Within the unordered list are individual list elements containing the link and some image and formatting information. Mechanize is not a full featured HTML parser like Nokogiri, but it does have built in functionality to find links, click links, and fill out forms. These helpers use Nokogiri to locate elements within the dom and interact with them. Unfortunately a lot of the Nokogiri interaction is abstracted away from the user in these methods and there is a loss of functionality as a result, though I am not skilled enough to speak as to how much.

In order to parse this page, I relied almost exclusively on Mechanize's links.find_all method. Unfortunately the source code and documentation that I've been able to find has absolutely no mention of this method.

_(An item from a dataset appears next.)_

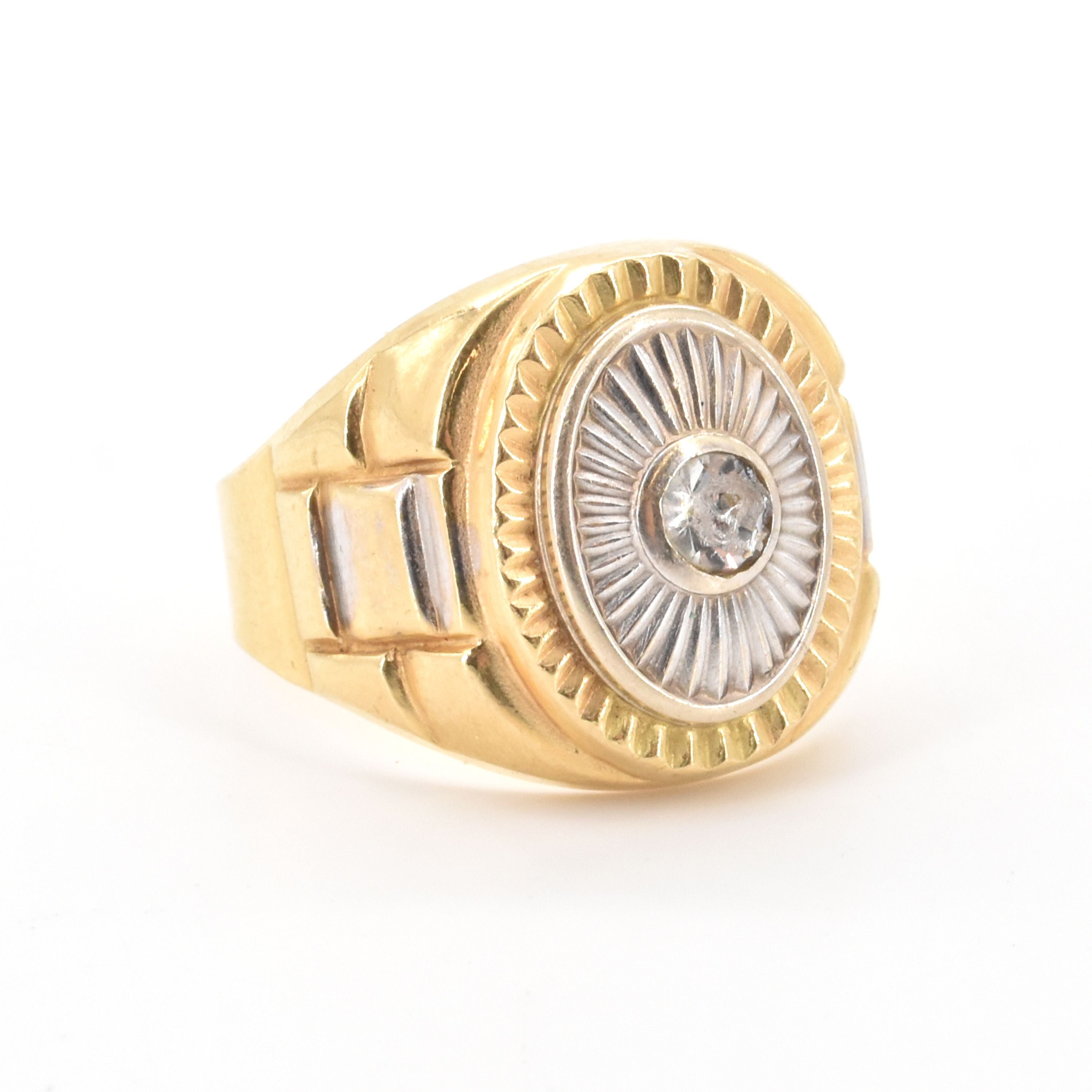 Zegelring in 18 kt geel- en witgoud (valse steen, beschadigd, gedeukt) - 8.7 g bruto (Maat: 62)

1:  agent = Mechanize.new  
2:  page = agent.get('http://www.flightradar24.com/data/airports/')  
3:  country_links = page.links.find_all { |l| l.attributes.parent.name == 'li'}  

For each link found on the page, the parent attribute's name is checked against the string. In this case if the parent element is a list element the link will be saved. We know from above that each link we want is wrapped by a list element, but we haven't proven that there are not other links on the page matching this pattern. Instead the assumption is made that this pattern is accurate enough and we proceed to the next step; clicking the links contained within country_links.

1:  country_links.each do |c|  
2:       if country_links.index(c) > 19  
3:            country = c.click  
4:            airport_links = country.links.find_all { |d| d.attributes.parent.name == 'div'}  

In the above snippet at line 2 you can see the result of the "accurate enough" assumption made earlier. I encountered an error where I was not being routed to the country pages as expected. By outputting the link and index of the array I was able to simply add a branch to ignore the first 20 indexes. While adding an if branch is not a terribly inefficient thing, ascertaining what condition to set is not always as easy.

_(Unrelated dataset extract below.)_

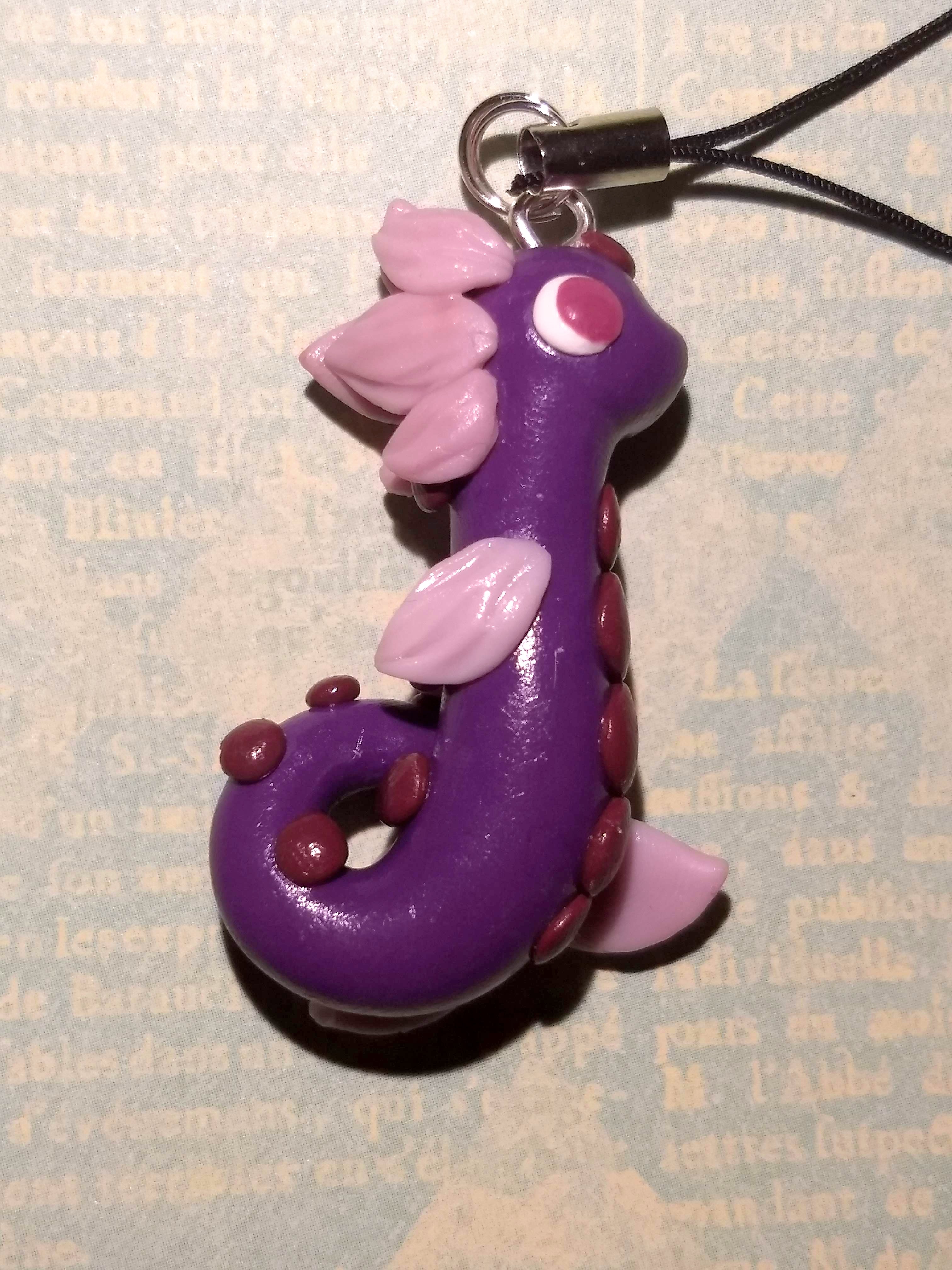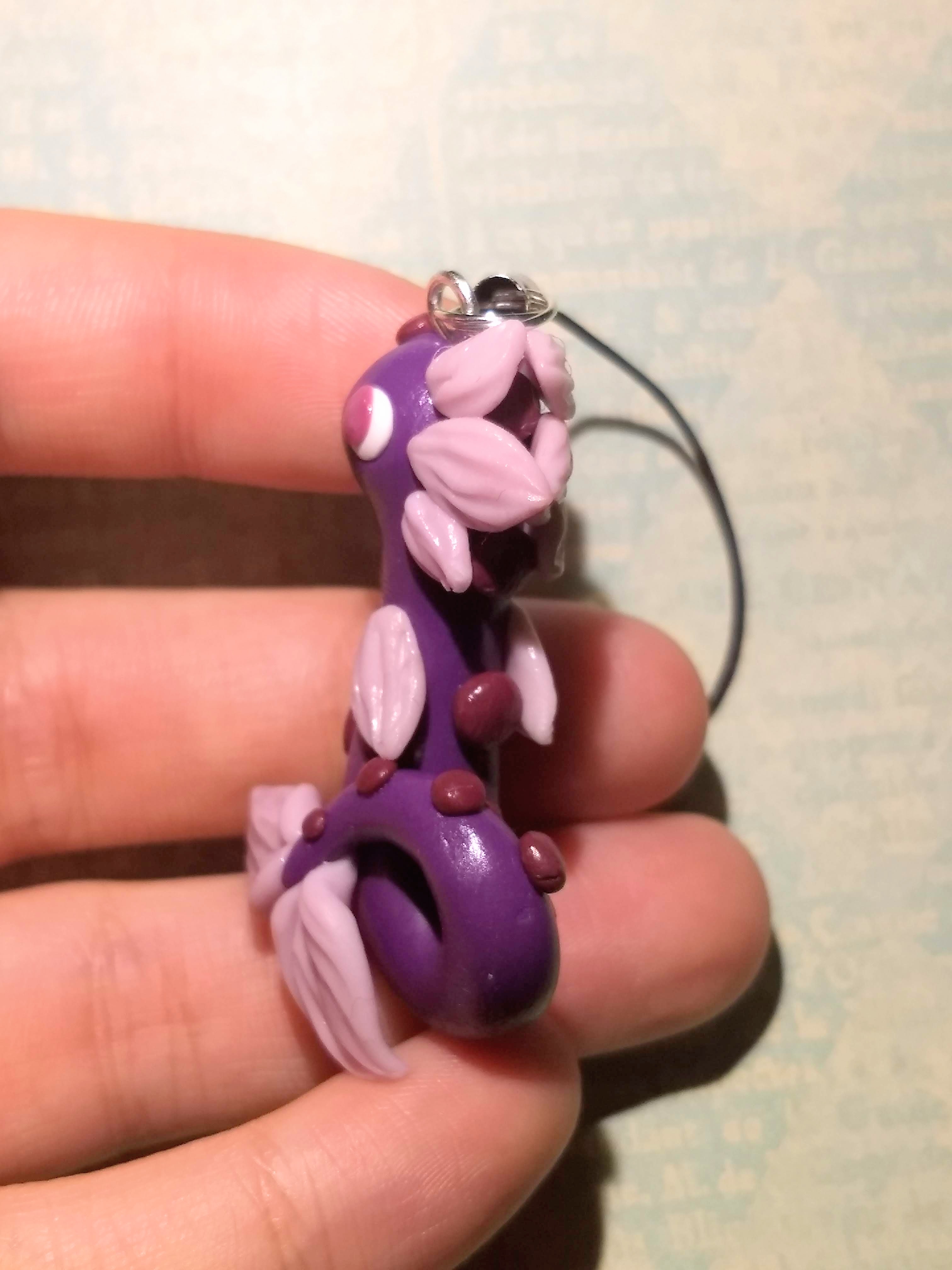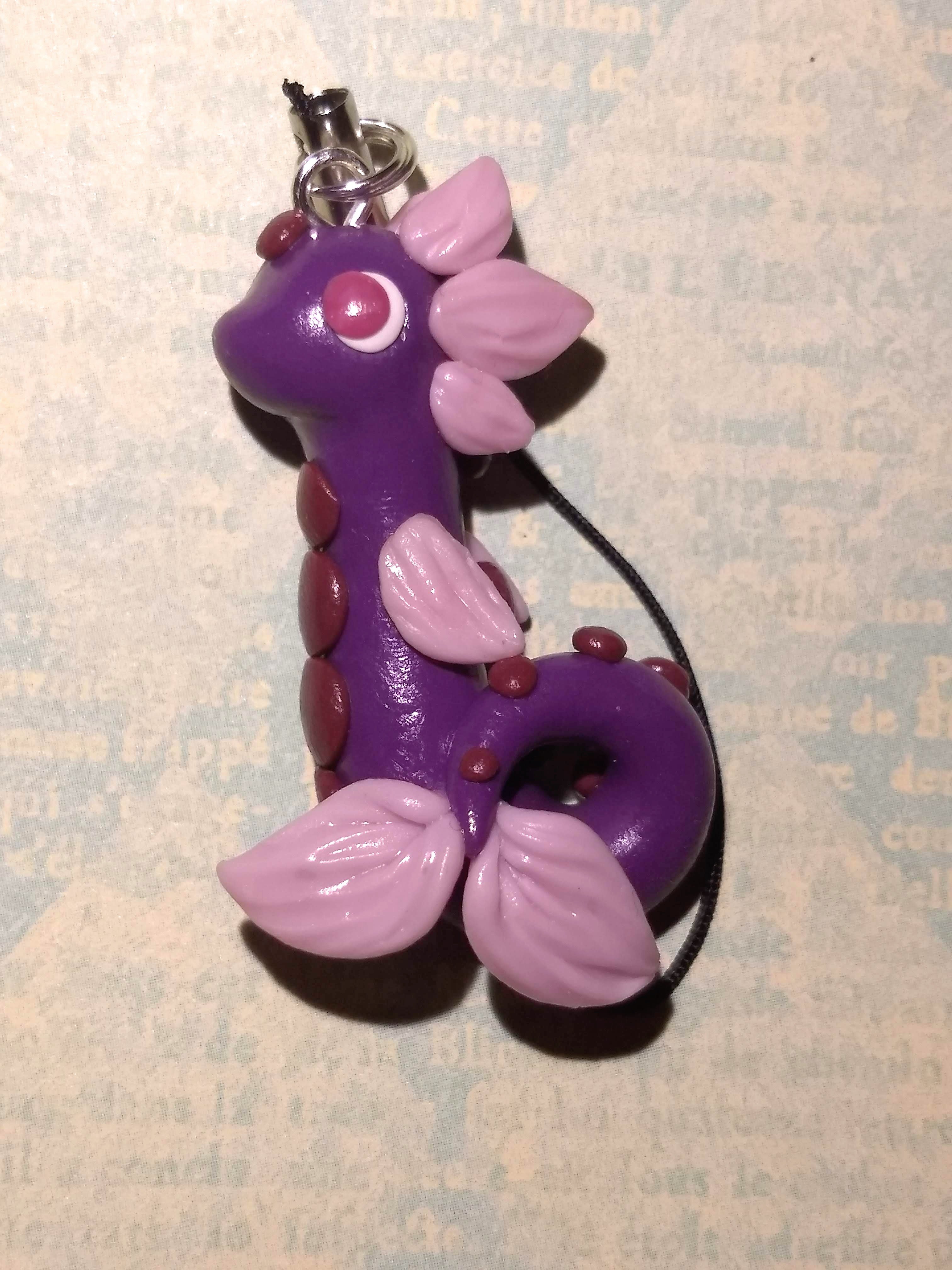 A dragon charm handmade from polymer clay. This dragon features wavy, light purple fins on a darker body.

The link is then clicked and the resulting page is passed to the variable country. Notice that Mechanize is smart enough to correctly handle the partial link being passed to it. Country is then parsed for links and the same pattern is executed against it except looking for links with a div element as an immediate parent this time. The resulting links are then added to the airport_links array and we move on to the next step.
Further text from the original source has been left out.